The Clippers shot 41 percent after the first quarter. Guard J.J. Redick, who entered shooting 50 percent from 3-point range, scored 17 points while shooting 2-for-6 on 3-pointers. The Clippers shot 6-for-25 from deep after making 22 3-pointers Monday in an overtime win against the Houston Rockets.

The victory against a top Western Conference team was important for the Cavs, who were blown out Monday by the Warriors and remain 0-3 against Golden State and the San Antonio Spurs, the two top teams from the West. The Clippers aren't quite in that elite category, but they are not far behind.


Blatt bristled Thursday at some of the criticism lobbed at his team in the days since the 34-point loss to the Warriors. The Cavs remain the top team in the East at 30-11, a nine-game improvement over where they were at the halfway point last season.

"I hear a lot of far-reaching conclusions and personally I don't like it," Blatt said. "But there's nothing I can do about it. I think this team has done pretty well dealing with the adversity that we've had.
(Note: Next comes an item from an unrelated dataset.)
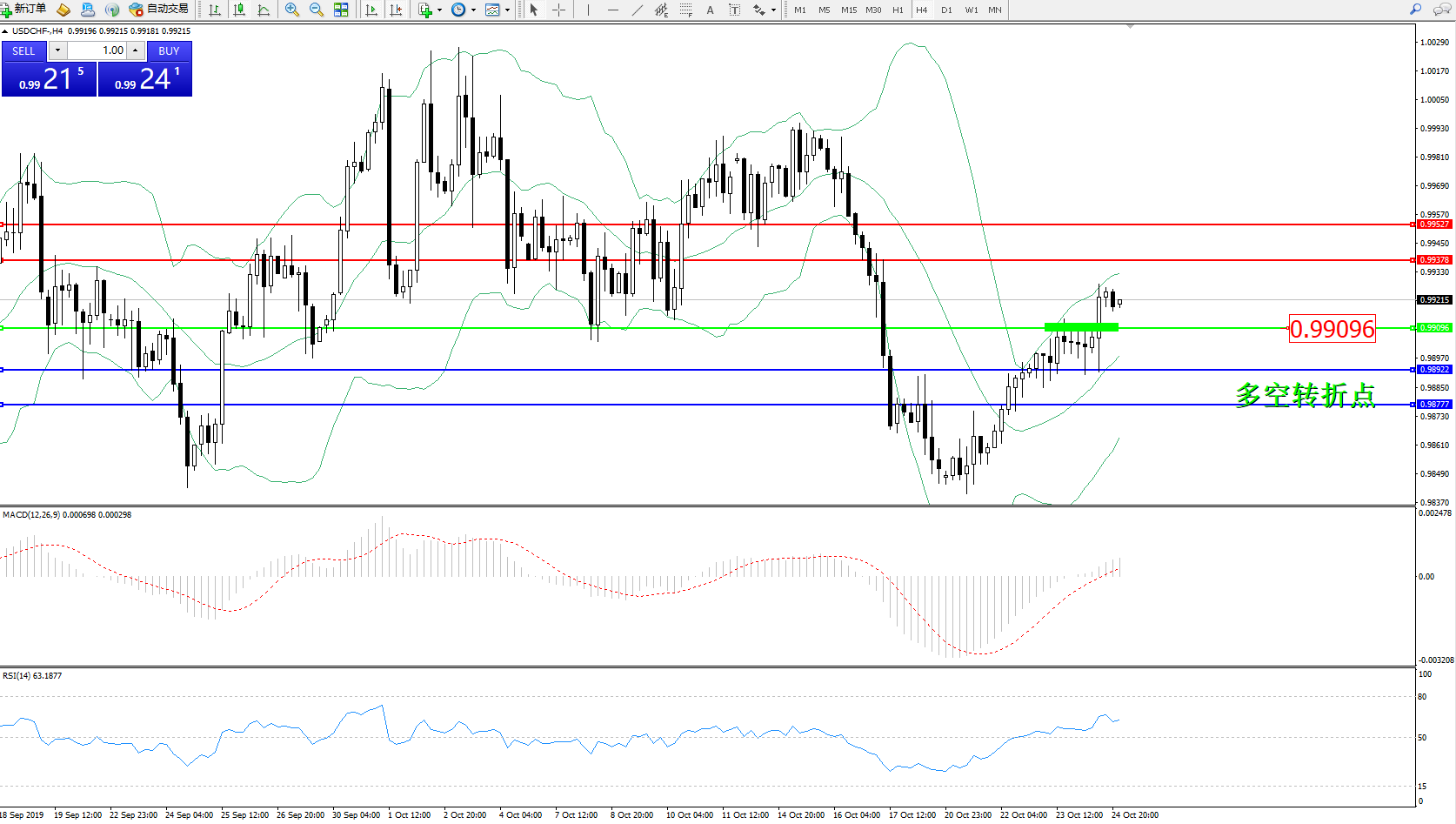 交易策略:0.99096上方看涨,目标0.99378、0.99527

I think this team is in pretty good position, although people choose to overlook that, which I don't think is fair."

Cleveland guard Kyrie Irving scored 21 points and guard J.R. Smith scored 22, hitting six 3-pointers. All five Cavs starters were in double figures with four minutes left in the third quarter.

"When the ball is moving and the ball has energy behind it, it doesn't matter who receives it, I think it results in good play," James said. "Tonight was an example of that."
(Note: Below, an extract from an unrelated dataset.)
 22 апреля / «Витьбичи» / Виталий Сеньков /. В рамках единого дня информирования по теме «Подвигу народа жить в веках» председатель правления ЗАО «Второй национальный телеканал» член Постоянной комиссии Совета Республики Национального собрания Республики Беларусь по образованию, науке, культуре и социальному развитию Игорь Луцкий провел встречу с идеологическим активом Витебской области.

NOTES: F LeBron James was named the Cavaliers' lone All-Star starter after G Kyrie Irving was passed by Toronto G Kyle Lowry during the final week of voting. James led the conference again with 1,089,026 votes. The Cavaliers can still add a second All-Star if Kevin Love is selected as a reserve. ... Cavs G J.R. Smith moved ahead of Glen Rice for 19th place on the all-time 3-point shooting list. Smith now has 1,564 for his career. ... Clippers G J.J. Redick entered Thursday shooting 50 percent from 3-point range. "That's crazy," Clippers coach Doc Rivers said. "I had a 53 percent year from the free-throw line." ... The Clippers are rarely mentioned among the Spurs and Warriors as the West's elite, but they still get their share of attention. "We somehow find our own attention," Rivers joked. "We do it every time. I don't know how that happens. We'll do something in the next couple of days to make sure you guys talk about us."